Poteri forti di Giuliano Ferrara DA  Il Foglio

 

La data è fissata. E molto ruota intorno al nome di Mario Draghi, sbarcato dal Britannia e imbarcato sul Repubblica. Eppure di Poteri Forti non se ne vedono più. Curioso. Anche divertente, se vogliamo divagare dalla vaccinolalia. Una volta era diverso. I capi dei partiti, anche quelli con molti attributi di potere decisionale, come un De Mita e un Craxi, per dire, dovevano vedersela con i serpenti dei Poteri Forti, d’ora in avanti PF, che strisciavano sotto le foglie. C’era un PF vecchia scuola della grande industria e della finanza, che s’era divorato l’autorevole e potente Corriere della Sera, concentrato in una cosa un po’ stellare chiamata Gemina, nebulosa e filiale dell’ombrosa, intelligente e dispeptica Mediobanca, dove regnava un grande che si faceva piccolo, uno che era dappertutto perché non si vedeva mai, un siciliano nel gran Milan (lassa pur ch’el mond el disa, ma Milan l’è on gran Milan).

E c’erano i PF risalenti più direttamente alle famiglie influenti e numerose di Torino, collegate con il club del Bilderberg, c’era l’ambasciata americana (quando telefonavano raramente al Foglio al centralino l’interlocutore segretissimo si annunciava solo con un: ambasciata, e il patriota Buttafuoco si stupiva: ma perché dicono solo ambasciata?). C’erano gli uomini del Papa, che non badava solo al Santo Evangelio e non faceva serie Netflix, era gente che si preoccupava del lavoro ben fatto nella capitale della cattolicità. Molti si domandavano che cosa mai frullasse nella testa del potere editoriale e finanziario concorrente, che non era un anonimo e aziendalissimo Gedi, ma il gruppo De Benedetti, con i suoi araldi e aedi capaci di comunicare ovunque, non solo a via Veneto, spunti macchiette e disegni quasi imperscrutabili, e un principe napoletano sornione e pettegolo, che ne faceva di cotte e di crude. Ogni tanto si sussurrava di Logge, magari con la P, non era ancora venuta l’ora solare e sportiva del Circolo Aniene e del suo patron.

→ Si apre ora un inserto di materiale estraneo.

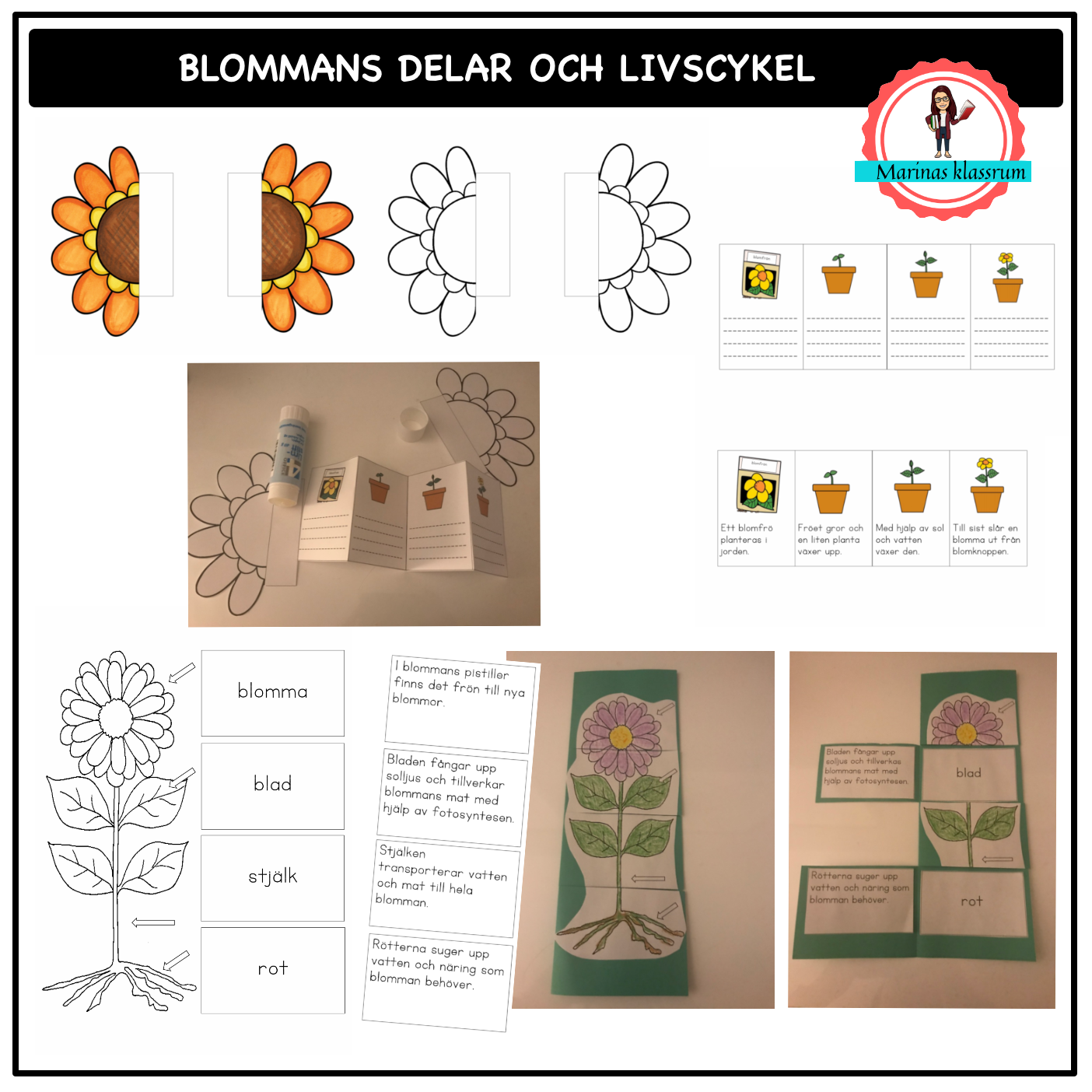 Med detta material kan eleverna skapa två ”vikböcker” en för blommans olika delar och vad de har för uppgift och en för blommans livscykel.

Nei partiti si badava certo ai deputati e senatori, che alla fine facevano la giornata, ma un occhio di riguardo era sempre dedicato al Capo della polizia, l’unico apicale italiano fregiato del titolo spagnolesco e francamente bello, appunto, di Capo. Non era un funzionario alto in grado, era un’istituzione solida e riverita. C’erano tra i PF fior di professori e banchieri, alcuni influenti nel tesoro romano e nel sud, e perfino sul Censis del sulfureo e saggio professor De Rita aleggiava il non so che, il quid specialissimo, di un potere abbastanza forte. Confindustria badava come sempre agli interessi degli associati, ma a suo modo, soggetto contendibile e conteso ma riservato, faceva storia nelle smanie e nelle trame di potere, oltre la serena misura di sindacato e ufficio studi.

I PF avevano i loro collegamenti internazionali, roba forte e solida che veniva direttamente dall’eredità di una grande guerra, dei piani Marshall, dai veti della Guerra fredda predeterminati a Yalta, e c’era il circolo attivissimo delle spie che integrava la diplomazia visibile e invisibile.

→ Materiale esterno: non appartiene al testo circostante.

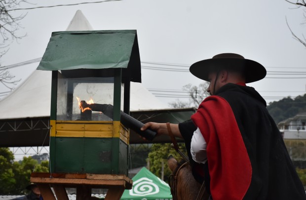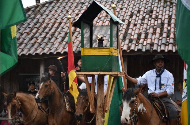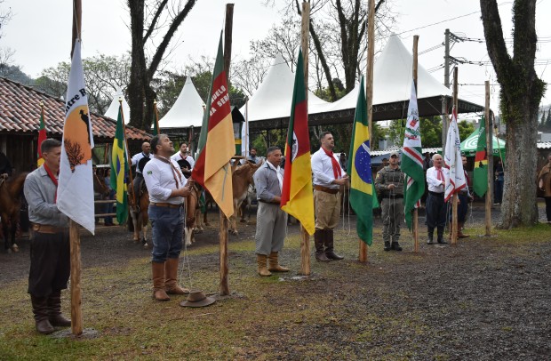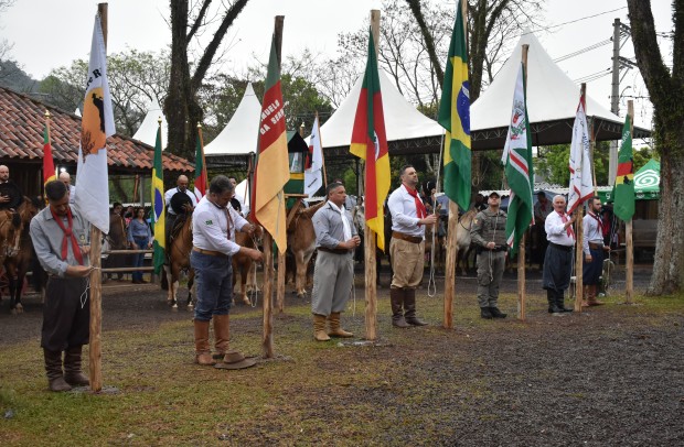 No retorno ao Acampamento, foi realizado o ato oficial de encerramento dos Festejos, com o arriamento das bandeiras, na presença do Prefeito Daniel Morandi, do Vice-Prefeito Eduardo Matielo, do Vereador Dirlei Cordeiro, do Comandante da Brigada Militar Ederson Moraes e de líderes tradicionalistas da cidade.

Alla vigilia delle grandi scelte, figuriamoci se in questione c’era un Mario Draghi, i PF lasciavano cadere indizi pregnanti della loro esistenza in vita. Esprimevano un’energia abbastanza poderosa. Ora trionfano i piccoli irregolari della legislatura, che non rispondono a nessuno, si fanno appelli per una donna al Colle, nientemeno, al Bilderberg c’è molta petulanza, i direttoroni dell’informazione giocano a rimpiattino con il paludamento di un tempo, il Transatlantico è una grande Omicron potenziale, la vera conta è quella dei probabili influenzati, l’energia è green, cioè poco energica, i capi dei partiti si vedono tra loro, infastiditi da un Giorgetti o da un D’Alema, e non si distinguono come amici-nemici del gioco democratico, sono non più capifazione o capicoalizione, sono capifrazione che cercano di sommarsi e sottrarsi in uno spettro di numeri del tutto ipotetici. Mais ou sont les pouvoirs d’antan?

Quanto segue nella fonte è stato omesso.